Step 2: load the unpacked extension in your study browser

Clone github.com/m13v/claude-meter, open chrome://extensions (or arc://extensions, brave://extensions, edge://extensions), enable Developer mode, click 'Load unpacked', select the extension/ folder. The browser pins the icon next to the URL bar.

Step 3: open claude.ai once

If you are not already logged in, sign in. The extension reads your existing session cookie via fetch with credentials: 'include' against /api/organizations/{org}/usage; you do not paste anything. Within one minute the badge lights up with a percent.

Step 4: start your recall session and watch the row

Begin quizzing. The popup updates every 60 seconds with the current 5-hour percent and a countdown. When the row turns orange (80 percent) you have one or two more cards before the cap. Plan the break, switch models, or close the chat and start a fresh thread.

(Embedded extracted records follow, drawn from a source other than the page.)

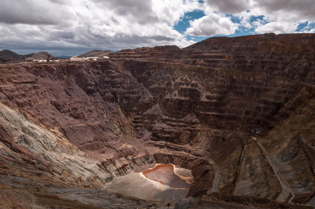 View of the Lavender Pit in Bisbee, Arizona.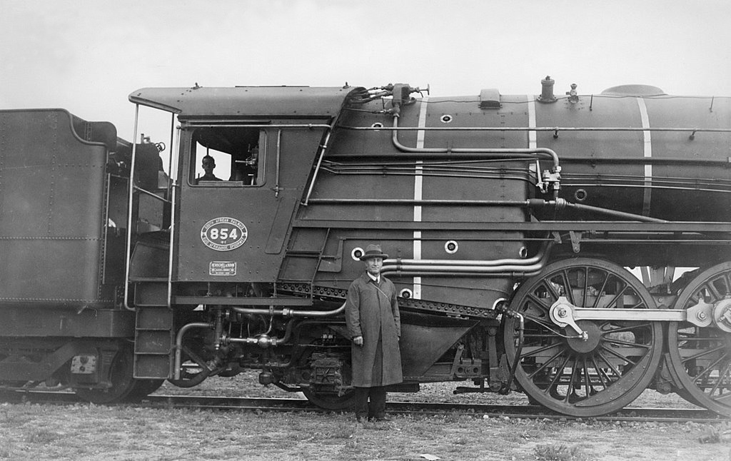 SAR Class 16E 854 (4-6-2) The designer of the Class 16E with his greatest creation - A.G. Watson, SAR Chief Mechanical Engineer from 1929 to 1936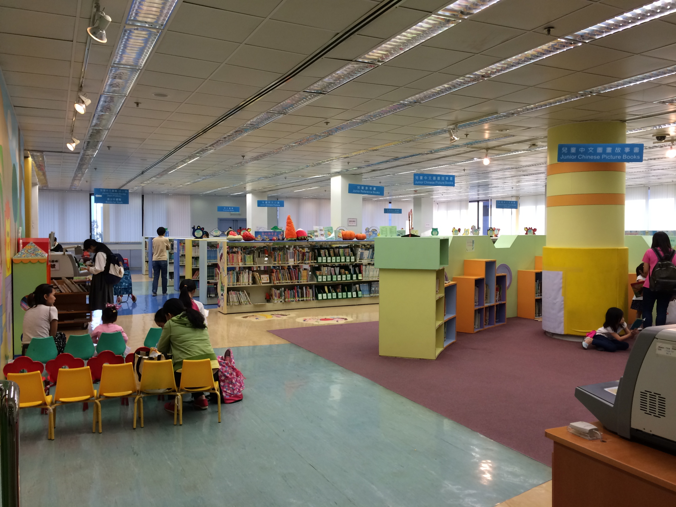 Tuen Mun Public Library 1F Children area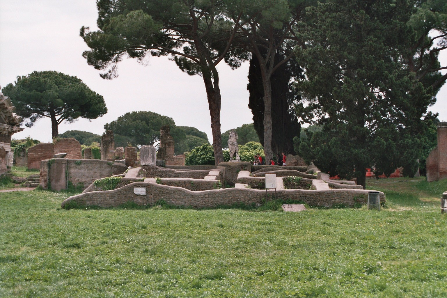 Temple of Roma and August (regio I), reign of Tiberius. Ostia Antica, Latium, Italy.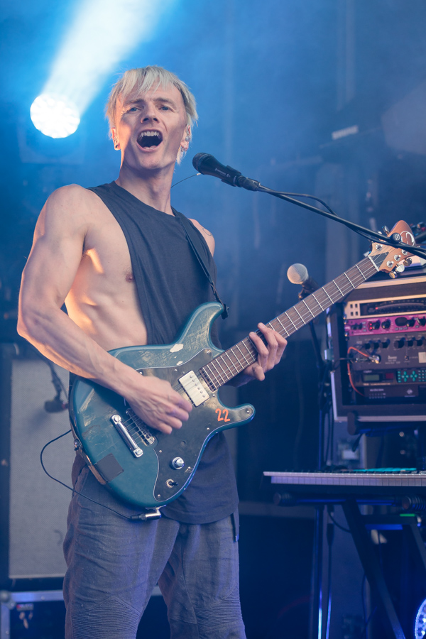 Magnus Børmark in a concert with Gåte at the DnB-stage at Grefsenkollen. The concert was part of Over Oslo and took place on 20. June 2018 in Oslo. Lineup:Gunnhild Sundli (vocal)Sveinung Sundli (fiddle)Jon Even Schärer (drums)Magnus Børmark (guitar)Mats Paulsen (bass guitar)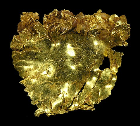 Gold Locality: Round Mountain Mine, Round Mountain District, Nye County, Nevada, USA (Locality at ) Size: 2.0 x 1.8 x 0.7 cm. This modern-day Gold locality has produced a plethora of amazing Gold specimens featuring a wide range of crystal habits, including some of the most impressive Spinel-Law twinned Gold crystals I have seen. This thumbnail was discovered in 2006 and is a very good representative Gold from the locality. The two main characteristics of the specimen are the wide flattened "sheet"-like part of the piece which comprises the majority of the specimen. Along the edge of the "sheet" are some beautiful, sharp, cuboctahedral and elongated octahedral crystals.

The pattern that keeps the bar green for two hours

Three habits, in combination, change a 30-card recall session from a sprint to the orange band into a steady run that ends with the bar around 60 percent.

First, end the chat after every 8 to 10 cards and start a fresh one. The new thread carries no transcript, so card 1 of the new chat is genuinely cheap. The recall benefit is the retrieval, not the running history; the model does not need to remember card 7 to grade card 14.

Second, use Sonnet for the quiz turns and reserve Opus for the moments you actually need a deeper explanation. The 5-hour cap weights model picks. Sonnet on a recall card costs measurably less of the bucket than Opus on the same card.

Third, glance at the menu bar between cards. When the row reads 5-hour · 38m · 81%, finish the current card and stop. The bucket is going to clear in 38 minutes; that is exactly the length of a real break. Coming back at 38 percent is the difference between two productive hours and one productive hour followed by a 429.

The honest caveat

The endpoint is internal and undocumented. Anthropic can rename a field in any release. The Rust struct in src/models.rs declares each known field as Option<Window>, so a missing field deserializes cleanly and the menu bar shows an error chip instead of a wrong percent. That is a forward-compat hedge, not a guarantee. If the shape of the response moves, the open-source repo gets a same-day patch and you pull the next brew release.

Studying through Claude Pro and want to compare bucket math?

15 minutes, no slide deck. Happy to swap notes on the rolling-bucket edges, what an Opus turn really costs on a recall session, and the moments the JSON shape shifts.

Frequently asked questions

Why does an active recall session with Claude burn quota faster than the same number of normal questions?

Because each turn includes the entire prior transcript. When you ask Claude to quiz you on chapter three, then answer, then ask for the next card, every prompt sends back the system prompt, the running quiz frame, the cards you have already seen, your previous answers, and Claude's previous responses. By card twenty the input is a small essay even though the visible message is one sentence. The 5-hour rolling cap weighs input tokens too, so a 30-card recall session can register against the cap like a long technical conversation.

How do I see the actual percent of my 5-hour window mid-session without leaving the chat?

Install ClaudeMeter (free, MIT, github.com/m13v/claude-meter). It runs as a macOS menu bar app plus a browser extension that polls /api/organizations/{org_uuid}/usage on claude.ai once every 60 seconds with your existing logged-in cookie, reads five_hour.utilization and five_hour.resets_at, and renders a row labelled '5-hour · {countdown} · {percent}%' in the popup and on the menu bar. No cookie paste, no API key, no extra tab.

Will ccusage tell me how much of my Claude Pro session quota I have left during a study session?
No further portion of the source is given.